Hight Darren, Voss Logan J, Garcia Paul S, Sleigh Jamie
Department of Anaesthesia, Waikato Clinical Campus, University of AucklandHamilton, New Zealand.
Department of Anaesthesia, Waikato District Health BoardHamilton, New Zealand.
Front Syst Neurosci. 2017 May 29;11:36. doi: 10.3389/fnsys.2017.00036. eCollection 2017.
Oscillations in the electroencephalogram (EEG) at the alpha frequency (8-12 Hz) are thought to be ubiquitous during surgical anesthesia, but the details of how this oscillation responds to ongoing changes in volatile anesthetic concentration have not been well characterized. It is not known how often alpha oscillations are absent in the clinical context, how sensitively alpha frequency and power respond to changes in anesthetic concentration, and what effect increased age has on alpha frequency. Bipolar EEG was recorded frontally from 305 patients undergoing surgery with sevoflurane or desflurane providing general anesthesia. A new method of detecting the presence of alpha oscillations based on the stability of the rate of change of the peak frequency in the alpha range was developed. Linear concentration-response curves were fitted to assess the sensitivity of alpha power and frequency measures to changing levels of anesthesia. Alpha oscillations were seen to be inexplicably absent in around 4% of patients. Maximal alpha power increased with increasing volatile anesthetic concentrations in half of the patients, and decreased in the remaining patients. Alpha frequency decreased with increasing anesthetic concentrations in near to 90% of patients. Increasing age was associated with decreased sensitivity to volatile anesthesia concentrations, and with decreased alpha frequency, which sometimes transitioned into the theta range (5-7 Hz). While peak alpha frequency shows a consistent slowing to increasing volatile concentrations, the peak power of the oscillation does not, suggesting that frequency might be more informative of depth of anesthesia than traditional power based measures during volatile-based anesthesia. The alpha oscillation becomes slower with increasing age, even when the decreased anesthetic needs of older patients were taken into account.

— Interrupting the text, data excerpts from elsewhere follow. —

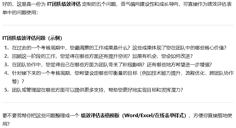 Develop a set of five questions for performance reviews that encourage reflection, future goal setting, and actionable feedback. Tailor to [IT team], and keep the tone constructive and growth-oriented. Present the questions as a list for a review form.* Please make sure to use Simplified Chinese as the language for interactions with users, unless it is for specific proprietary terms or situations where English words are more appropriate.
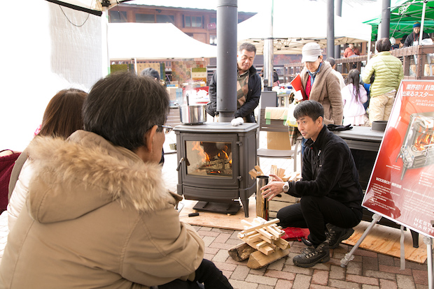 メインとなるのは薪ストーブの体験ブース。メーカー6社による薪ストーブの展示販売に加え、欧州などで普及が進む「ペレットストーブ」も展示。また、薪ストーブを熱源にした料理も実演される。
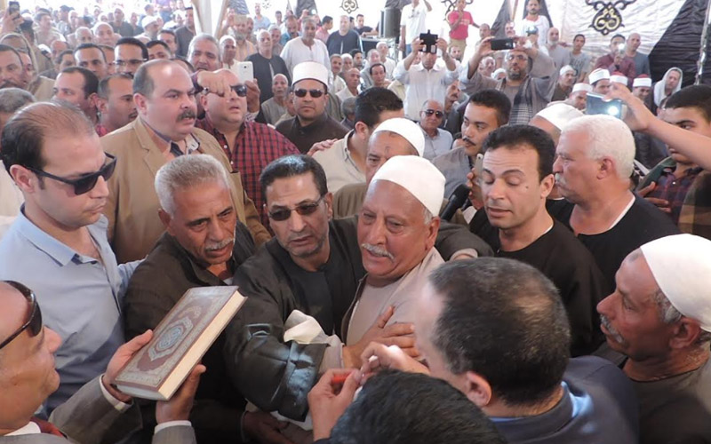 وما أسفرت عنه الجهود الأمنية والتواصل المستمر والدفع بحكماء القرية وشيوخ من الأزهر الشريف وعقلاء وكبار العائلتين بالاستعانة بأعضاء مجلس النواب إلى الاتفاق على عقد جلسة صلح بين أفراد العائلتين بالسرادق المقام بالقرية محل إقامتهم للصلح بين الطرفين.

脑电图(EEG)中的α波频率(8 - 12赫兹)振荡被认为在手术麻醉期间普遍存在,但这种振荡如何响应挥发性麻醉剂浓度的持续变化的细节尚未得到充分表征。目前尚不清楚在临床环境中α波振荡缺失的频率、α波频率和功率对麻醉剂浓度变化的敏感程度,以及年龄增长对α波频率有何影响。对305例接受七氟醚或地氟醚全身麻醉手术的患者进行额叶双极脑电图记录。开发了一种基于α范围内峰值频率变化率稳定性来检测α波振荡存在的新方法。拟合线性浓度 - 反应曲线以评估α波功率和频率测量对麻醉水平变化的敏感性。在约4%的患者中,α波振荡莫名其妙地缺失。在一半的患者中,最大α波功率随着挥发性麻醉剂浓度的增加而增加,而在其余患者中则降低。在近90%的患者中,α波频率随着麻醉剂浓度的增加而降低。年龄增长与对挥发性麻醉剂浓度的敏感性降低以及α波频率降低有关,α波频率有时会转变为θ波范围(5 - 7赫兹)。虽然随着挥发性浓度的增加峰值α波频率持续减慢,但振荡的峰值功率并非如此,这表明在基于挥发性麻醉的过程中,频率可能比传统的基于功率的测量更能反映麻醉深度。即使考虑到老年患者麻醉需求的降低,α波振荡也会随着年龄的增长而变慢。